[Python-Dev] a quit that actually quits

Fernando Perez fperez.net at gmail.com
Fri Dec 30 06:53:50 CET 2005


Nick Coghlan wrote:

> As Fernando pointed out, anything else means we'd be well on our way to
> re-inventing IPython (although I'd be interested to know if sys.inputhook
> would have made IPython easier to write).

[sorry if this drifts off-topic for python-dev.  I'll try to provide useful info
on interactive computing in python here, and will gladly answer further
detailed discussion about ipython on the ipython-dev/user lists ]

In my case, I don't think it would have made that much of a difference in the
end, though initially it might have been tempting to use it.  IPython started
as my private collection of sys.ps{1,2} + sys.displayhook hacks in
$PYTHONSTARTUP.  I then discovered LazyPython, which had a great
sys.excepthook, and IPP, which was a full-blown derivative of
code.InteractiveConsole.  I decided to join all three projects, and thus was
ipython born.  Given that IPP was the 'architecture', from the moment we had
what is still today's ipython, it was based on code.InteractiveConsole, and at
that point I doubt that having sys.inputhook would have mattered.

Incidentally, just two days ago I removed the last connection to code.py: at
this point I had overridden so many methods, that there was no point in keeping
the inheritance relationship.  All I had to do was copy _two_ remaining
methods, and the main ipython class became standalone (this frees me for
ongoing redesign work, so it was worth doing it).

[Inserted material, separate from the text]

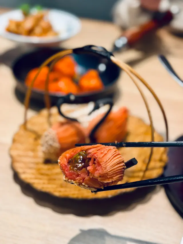 呢排發掘到一間係airside 好出色嘅新派潮州菜,叫自己人😆融合左傳統嘅潮州風味加埋創新嘅元素,有一系列嘅點心同埋地道小菜😊原來佢已經有幾間分店,呢間係airside 嘅分店都坐得好舒適,手機落單形式,非常方便😛🔻▪️潮汕鹵水炸乳鴿 $49/只呢個鹵水乳鴿就standard啦,唔算太特別,不過唔會好油膩,仲有手套,食嘅時候好方便😌▪️酒醉走地雞 $89呢個醉雞好出色,好有酒味,啲雞唔會好肥,啖啖肉▪️鹵水鵝件 $99呢個都幾好食,啲鵝唔會好肥,而且啲鵝索曬啲醬汁,好入味,都唔錯😗▪️蔥香角螺 $149呢個真係必試,上面係角螺,好香蔥味同埋都好有嚼頭,下面係切到好幼嘅萵筍,好爽口,非常好食🤤▪️冰鎮咕嚕肉 $129呢個都好特別,因為啲咕嚕肉係放係啲冰上面,做到冷熱交融嘅感覺,食落好脆口,都好食😋▪️酸菜龍躉 $149呢個酸菜魚好抵食,份量都幾多,啲龍躉好滑,入面仲有好多料,例如粉絲、酸菜、芽菜等,辣辣地咁好過癮,佐飯一流☺️▪️豆漿蟹肉蕃薯菜苗 $89呢個個湯汁係用豆漿整,食落的確冇咁咸,仲加左蟹肉落去,蕃薯苗都幾嫩,都ok ▪️金魚戲水 (湯蝦餃) $49/2件呢個係做左會員之後送嘅,食落好唔錯,蝦肉勁多,仲有湯汁係下低,睇黎佢嘅點心都好正😊▪️老菜脯海鮮炒飯 $99呢個飯都好推介,食左兩次都有點呢個,入好有好多海鮮,跟住加左菜脯有啲嚼頭,啲飯炒到一粒粒夠曬香,又唔會好dry, 好好食🤪…查看更多

So in summary, while sys.inputhook would make it easy to do _lightweight_
interactive customizations, if you really want a more sophisticated and
featureful system, it probably won't matter.

Note that this is not an argument against sys.inputhook: exposing
customizability here may indeed be useful.  This will allow people to write,
with minimal effort, systems which pre-process special syntaxes and ride on top
of the python engine.  IPython exposes the exact same thing as a customizable
hook (called prefilter), and people have made some excellent use of this
capability.  The most notable one is SAGE:

http://modular.ucsd.edu/sage

a system for interactive mathematical computing (NSF funded).  If anyone is in
the San Diego area, the first SAGE meeting is in February:

http://modular.ucsd.edu/sage/days1/

and I'll be giving a talk there about ipython, including some of its design and
my plans for a more ambitious system for interactive computing (including
distributed computing) based on Python.  The prototypes of what we've done so
far are briefly described here (the first was funded by Google as a summer of
code project):

http://ipython.scipy.org/misc/ipython-notebooks-scipy05.pdf
http://ipython.scipy.org/misc/scipy05-parallel.pdf

I hope this is of some use and interest.